--- PROMPT ---
Reproduce the listing exactly and skip over any pictures.

--- RECORDED INFORMATION ---
──────
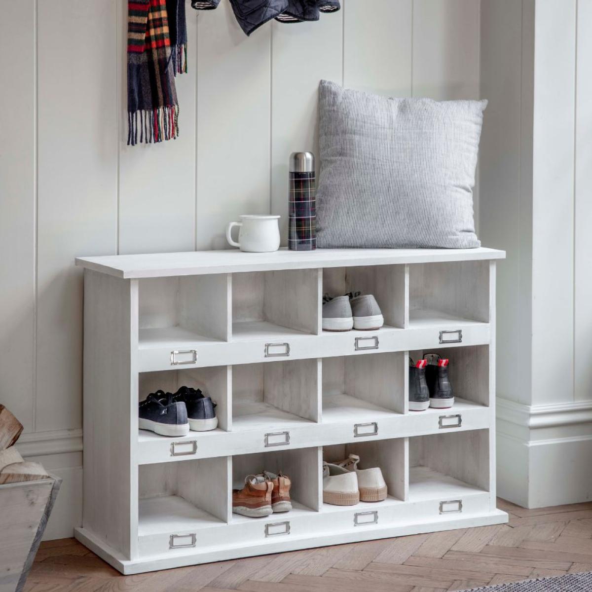 Introducing the Chedworth 12 Shoe Locker in Whitewash Spruce – a perfect combination of practicality and style for your shoe storage needs. This shoe locker offers a chic and efficient solution to ensure that all your shoes find a designated home. With ample space for up to 12 pairs of shoes, it's the ultimate solution to keep your footwear organized while adding a touch of elegance to your living space. Bid farewell to shoe clutter and say hello to a tidy and stylish shoe storage solution with the Chedworth 12 Shoe Locker in Whitewash Spruce.
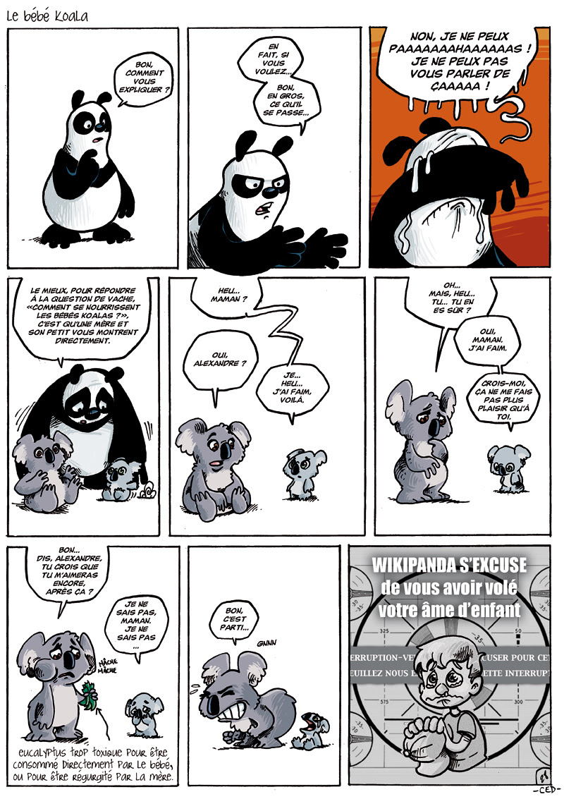 Sachez que Wikipanda est fini ! Pour fêter ça, une planche inédite. Cette version-là a été refusée par l'éditeur (et je les comprend, mais j'ai essayé).
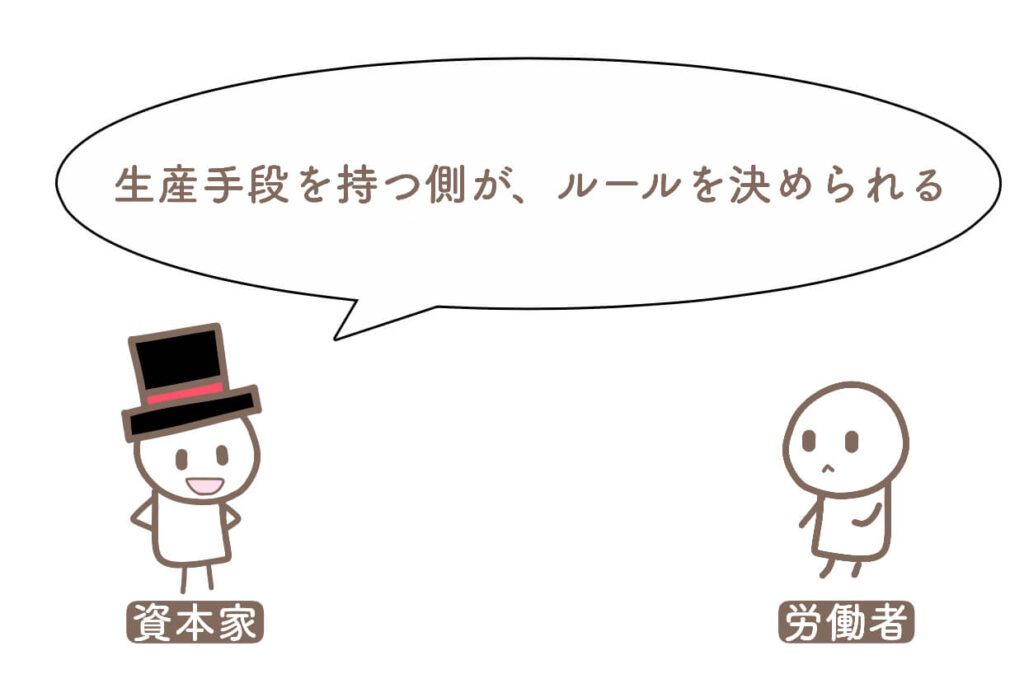 搾取が起きる原因は、生産手段を持つ側が、ルールを決められるからです。
──────
--- EXERCISE OUTPUT ---
 Introducing the Chedworth 12 Shoe Locker in Whitewash Spruce – a perfect combination of practicality and style for your shoe storage needs. This shoe locker offers a chic and efficient solution to ensure that all your shoes find a designated home. With ample space for up to 12 pairs of shoes, it's the ultimate solution to keep your footwear organized while adding a touch of elegance to your living space. Bid farewell to shoe clutter and say hello to a tidy and stylish shoe storage solution with the Chedworth 12 Shoe Locker in Whitewash Spruce.
 Sachez que Wikipanda est fini ! Pour fêter ça, une planche inédite. Cette version-là a été refusée par l'éditeur (et je les comprend, mais j'ai essayé).
 搾取が起きる原因は、生産手段を持つ側が、ルールを決められるからです。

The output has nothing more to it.